Scientists discover a way to read the thoughts of jellyfish

Although jellyfish do not have brains, scientists have come up with a way to read a jellyfish's thoughts, so to speak. And with some clever genetic tweaks, we can now watch how neurons in a small transparent jellyfish work together to make complex intelligent, independent movements, such as grabbing and eating prey.

When researchers genetically modified jellyfish so that their neurons glow when activated, they found an "unexpected degree of neural regulation". The study was published in the journal Cell on November 24.

Perfect model for studying

As a report by Science Alert points out , Clytia hemisphaerica is a jellyfish-like organism, which is the ideal model for studying this type of behavior. Because this type of jellyfish is so small (only about a centimeter in diameter), its entire nervous system can be easily placed under a microscope.

This small animal has emerged as a promising model organism for life cycle study, and its genes are relatively easy to manipulate and study closely in a laboratory setting. and healing of wounds.

Like most cnidarians, "Clicia hemispherica" ​​has a relatively simple morphology, and its entire genome was sequenced in March of 2019, and its genome turned out to be very simple, as its transparent body contains only about 10,000 neurons, making it easy to track all messages. nervousness;

living fossils

Some researchers believe that the nervous system of this type of jellyfish evolved more than 500 million years ago and has not changed much since then. Compared to animal brains today, the neurons in these "living fossils" are arranged in a much simpler way. However, there is no central system that coordinates all of a creature's movements, so how does it accomplish anything?

The new research suggests that the neurons of one hemisphere are enclosed in a canopy-like network, which closely mirrors its body. These neurons further divide into slices, almost similar to a pie or pizza.

Each tentacle on the edge of a jellyfish bell is attached to one of these slices; So when the arms of a jellyfish detect and capture prey, such as shrimp, neurons in that single slice are activated in a specific chain.

First, the neurons at the edge of the 'pie' send messages to the neurons in the middle, where the jellyfish's mouth is. This moves the edge of the pie slice inward toward the mouth, and brings the tentacles with it. Meanwhile, the mouth, in turn, signals the incoming food.
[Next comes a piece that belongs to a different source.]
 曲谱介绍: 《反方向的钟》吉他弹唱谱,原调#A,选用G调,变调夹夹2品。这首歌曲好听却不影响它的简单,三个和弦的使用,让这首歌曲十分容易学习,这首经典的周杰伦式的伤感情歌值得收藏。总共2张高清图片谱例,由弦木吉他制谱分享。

Within a minute of being introduced to the shrimp, the authors found that 96 percent of the jellyfish attempted to "move food" and 88 percent succeeded. Ultimately, all types of marine shrimp were eaten using this feeding behavior.

Domino effect

To find out exactly which neurons cause this domino effect, the researchers deleted a type of neuron called RFA neurons at the edge of the pie slice. When they did, the asymmetric inner folding of the jellyfish did not, and the The transmission of shrimp occurs from the tentacles to the mouth.

In their study, the authors write that '+RFA' neurons are required for both food-induced and chemically induced marginal folding. In contrast, there was no other neuronal dysregulation, with respect to swimming and wrinkling, suggesting that other neuronal types control in these behaviours.
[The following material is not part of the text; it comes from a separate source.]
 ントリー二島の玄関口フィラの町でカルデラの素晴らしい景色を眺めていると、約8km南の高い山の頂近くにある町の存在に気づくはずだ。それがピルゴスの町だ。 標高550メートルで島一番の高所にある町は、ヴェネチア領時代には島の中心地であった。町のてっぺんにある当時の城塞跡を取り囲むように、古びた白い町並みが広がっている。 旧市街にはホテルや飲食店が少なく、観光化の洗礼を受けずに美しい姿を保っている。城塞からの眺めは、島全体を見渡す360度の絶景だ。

To find out how the neurons that control the mouth communicate with the neurons that control the jellyfish's bell and vice versa, the researchers began surgically removing specific parts of the jellyfish's body. When the jellyfish's mouths were removed, the creatures continued to try to pass food from their tentacles into their nonexistent mouths, even when the jellyfish's tentacles were removed, chemical extracts from the shrimp could induce the mouth to turn toward the food source.

Nervous feedback

The results suggest that some jellyfish behaviors are coordinated by different groups of functionally organized neurons, which are located around the perimeter of the canopy. The neural network that connects a jellyfish bell to its mouth, for example, can be connected to the digestive system.
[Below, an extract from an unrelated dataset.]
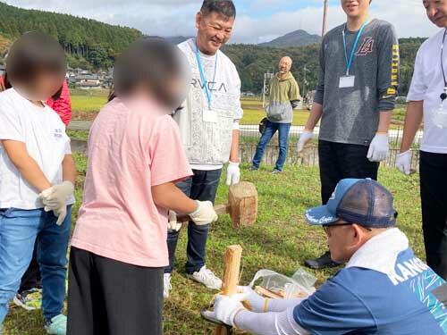 公益財団法人大阪みどりのトラスト協会および能勢みどりすとクラブの皆さまにご協力いただき、三草山ハイキングやサトイモの収穫体験、フクロウの巣箱作りの見学、またカレーの調理に使うための薪を割るといった里山ならではの体験ができるプログラムを用意しました。

When the jellyfish was deprived of food, the authors found that it captured prey faster than when it was not hungry. This suggests a kind of neurological feedback, letting the jellyfish "know" it needs to fill its digestive system, and putting other specific "feeding" networks on high alert.

The authors suggest that "if this hierarchical view is correct, coordinated behaviors in organisms lacking a central brain might have emerged via duplication and modification in smaller independent units, to form functionally interacting supermodules." But how are these interactions achieved? It hasn't been decided yet!